Private Medicare Advantage plans being paid for phantom care of VA patients
Duplicate Federal Payments for Dual Enrollees in Medicare Advantage Plans and the Veterans Affairs Health Care System
By Amal N. Trivedi, MD, MPH; Regina C. Grebla, MGA, MPH, PhD; Lan Jiang, MS; Jean Yoon, PhD; Jent Mor, PhD; Kenneth W. Kizer, MD, MPH
JAMA, June 26, 2012
Context: Some veterans are eligible to enroll simultaneously in a Medicare Advantage (MA) plan and the Veterans Affairs health care system (VA). This scenario produces the potential for redundant federal spending because MA plans would receive payments to insure veterans who receive care from the VA, another taxpayer-funded health plan.
Objective: To quantify the prevalence of dual enrollment in VA and MA, the concurrent use of health services in each setting, and the estimated costs of VA care provided to MA enrollees.
Design: Retrospective analysis of 1 245 657 veterans simultaneously enrolled in the VA and an MA plan between 2004-2009.
Main Outcome Measures: Use of health services and inflation-adjusted estimated VA health care costs.
Results: Among individuals who were eligible to enroll in the VA and in an MA plan, the number of persons dually enrolled increased from 485 651 in 2004 to 924 792 in 2009. In 2009, 8.3% of the MA population was enrolled in the VA and 5.0% of MA beneficiaries were VA users. The estimated VA health care costs for MA enrollees totaled $13.0 billion over 6 years, increasing from $1.3 billion in 2004 to $3.2 billion in 2009. Among dual enrollees, 10% exclusively used the VA for outpatient and acute inpatient services, 35% exclusively used the MA plan, 50% used both the VA and MA, and 4% received no services during the calendar year. The VA financed 44% of all outpatient visits (n = 21 353 841), 15% of all acute medical and surgical admissions (n = 177 663), and 18% of all acute medical and surgical inpatient days (n = 1 106 284) for this dually enrolled population. In 2009, the VA billed private insurers $52.3 million to reimburse care provided to MA enrollees and collected $9.4 million (18% of the billed amount; 0.3% of the total cost of care).
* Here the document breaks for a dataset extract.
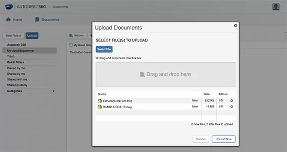 Sign up for free to Autodesk 360 and then open the Documents section to select and upload the .dwg files.

Conclusions: The federal government spends a substantial and increasing amount of potentially duplicative funds in 2 separate managed care programs for the care of same individuals.
By Don McCanne, MD
Most veterans who are eligible for enrollment in the Veterans Administration health care system are also eligible for enrollment in Medicare when they turn 65. Many of these veterans elect to enroll in the publicly-financed but private Medicare Advantage plans. This study shows that these private plans benefit greatly by receiving full capitation payments for all care in spite of the fact that they avoid the costs of the care that is actually delivered in our publicly-financed VA system. Thus taxpayers are paying twice for the same care - real care in the VA system and phantom care under the Medicare Advantage plans.
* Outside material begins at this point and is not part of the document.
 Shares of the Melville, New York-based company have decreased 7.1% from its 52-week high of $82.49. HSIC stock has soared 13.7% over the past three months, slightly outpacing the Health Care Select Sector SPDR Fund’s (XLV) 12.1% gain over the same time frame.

The authors suggest that rules could be changed to rectify this. Either the VA could be authorized to bill the private Medicare Advantage plans for care delivered by the VA (currently prohibited by federal law - a law dating back to before private Medicare plans were available), or the capitation payments to the Medicare Advantage plans could be adjusted downward to reflect the use of VA facilities.
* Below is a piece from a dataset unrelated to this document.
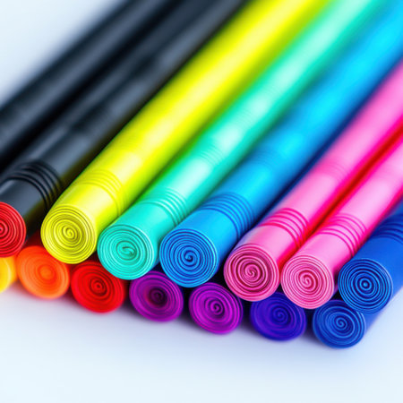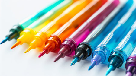 A vibrant collection of colorful writing instruments displayed on a clean surface. Perfect for creative projects, artistic endeavors, and office use.

There is a far better choice. The traditional Medicare program could be improved by expanding benefits and eliminating out-of-pocket cost sharing. Then we could get rid of the private Medicare Advantage plans with their profound administrative waste and the restrictions in health care choices that they inflict upon their patients. The VA-eligible patient would be able to choose either Medicare or the VA system, but regardless, we would be paying for the care only once, instead of twice like we are now.
In fact, the improved Medicare system would be so effective that we should all be able to have it as participants in a single payer national health program. Providing veterans with the choice of the VA system would not be much different from providing the rest of us with the choice of an integrated health care delivery system such as Kaiser Permanente. It would be just another health care delivery option under an improved Medicare for all.